The year 1831 in science and technology involved some significant events, listed below.

Astronomy
 January 7 – Great Comet of 1831 (C/1831 A1, 1830 II) first observed by John Herapath.
 March 7 – Royal Astronomical Society receives its Royal Charter.
 Heinrich Schwabe makes the first detailed drawing of the Great Red Spot on Jupiter.
 Mary Somerville translates Laplace's Mécanique céleste as The Mechanism of the Heavens.

Biology
 September 1 – Zoological Gardens, Dublin, open in Ireland.
 Robert Brown found the cell nucleus.

Chemistry
 A. A. Bussy publishes his Mémoire sur le Radical métallique de la Magnésie  describing his method of isolating magnesium.
 The Kaliapparat, a laboratory device for the analysis of carbon in organic compounds, is invented by Justus von Liebig.

Exploration
 June 1 – British Royal Navy officer James Clark Ross locates the position of the North Magnetic Pole on the Boothia Peninsula.
 December 27 – Charles Darwin starts his voyage on  from Plymouth.

Medicine
 May 16 – Middlesex County Asylum for pauper lunatics opens at Hanwell near London under the humane superintendence of William Charles Ellis.
 Dr C. Turner Thackrah publishes The Effects of the Principal Arts, Trades, and Professions, and of Civic States and Habits of Living, on Health and Longevity, with a particular reference to the trades and manufactures of Leeds, and suggestions for the removal of many of the agents which produce disease and shorten the duration of life, a pioneering study of occupational and public health in a newly industrialised English city.

Paleontology
 Henry Witham publishes Observations on fossil vegetables, accompanied by representations of their internal structure, as seen through the microscope in Edinburgh.

Technology
 April 12 – Broughton Suspension Bridge over the River Irwell in England collapses under marching troops.
 August 29 – Michael Faraday demonstrates electromagnetic induction at the Royal Society of London.
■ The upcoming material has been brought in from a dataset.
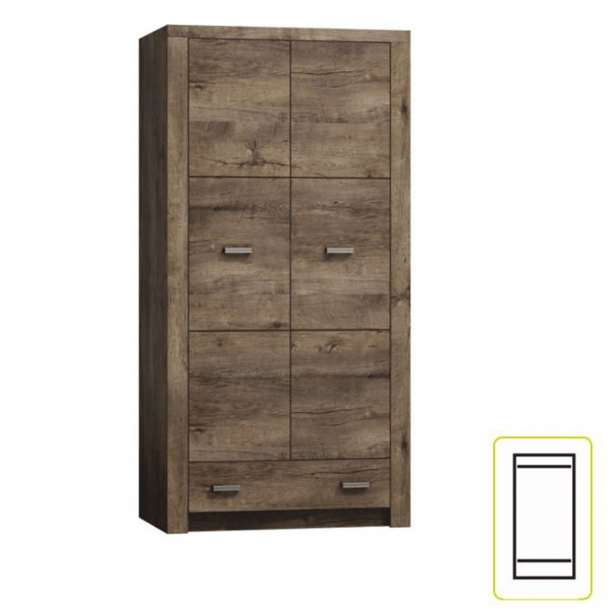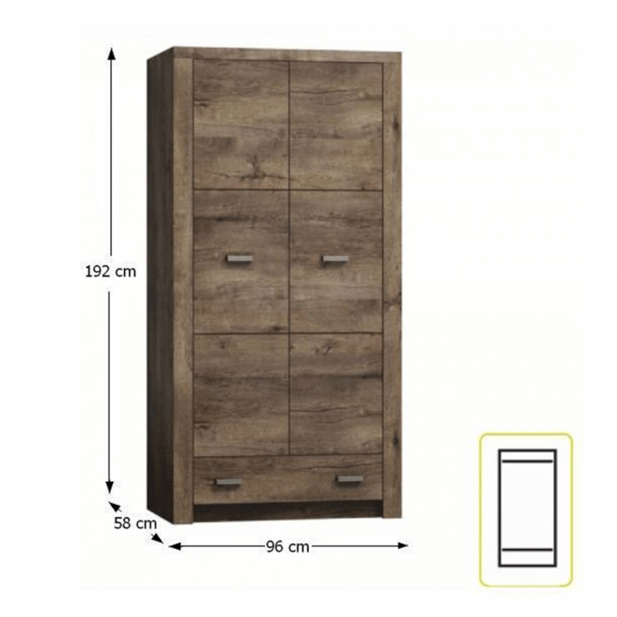 Skříň 01 z luxusního sektorového nábytku Korpus hrubý až 48 mm, Tloušťka materiálu: 48 mm Tloušťka materiálu zbývající části: 16 mm úchytky kovové Materiál DTD laminovaná, ABS hrany, Barevné provedení: jasan tmavý Rozměry ŠxHxV: 96x58x192 cm. Dodávané v demontu.

Joseph Henry recognises it at about the same time.
 October 28 – Faraday develops the Faraday Wheel, a homopolar generator.
 Joseph Henry invents the electric bell.
 James Meadows Rendel erects the first bascule bridge with a hydraulic mechanism, on the Kingsbridge Estuary in England.
 William Wallace invents the eidograph.

Institutions
 September 27 – British Association for the Advancement of Science first meets, in York.

Awards
 Copley Medal: George Biddell Airy
 Wollaston Medal (first award): William Smith

Births
 January 20 – Edward Routh (died 1907), Canadian-born English mathematician.
 January 26 – Heinrich Anton de Bary (died 1888), German surgeon, botanist, microbiologist and mycologist.
 February 28 – Edward James Stone (died 1897), English astronomer.
 March 3 – George Pullman (died 1897), American inventor.
 May 16 – David E. Hughes (died 1900), British inventor.
 June 13 – James Clerk Maxwell (died 1879), Scottish-born mathematician.
 August 20 – Eduard Suess (died 1914), Austrian geologist.
 October 6 – Richard Dedekind (died 1916), German mathematician.
 October 15 – Isabella Bird (died 1904), English explorer, writer, photographer and naturalist.
 October 21 – Hermann Hellriegel (died 1895), German agricultural chemist, discoverer of the mechanism by which leguminous plants assimilate the free nitrogen of the atmosphere.
 October 29 – Othniel Charles Marsh (died 1899), American paleontologist.

Deaths
 February 14 – Henry Maudslay (born 1771), English mechanical engineer.
 March 26 - Pierre Amable Jean-Baptiste Trannoy (born 1772),  French physician, hygienist and botanist.
 June 27 – Sophie Germain (born 1776), French mathematician.
 October 14 – Jean-Louis Pons (born 1761, French astronomer.
 December 22 – François Huber (born 1750), blind Swiss naturalist.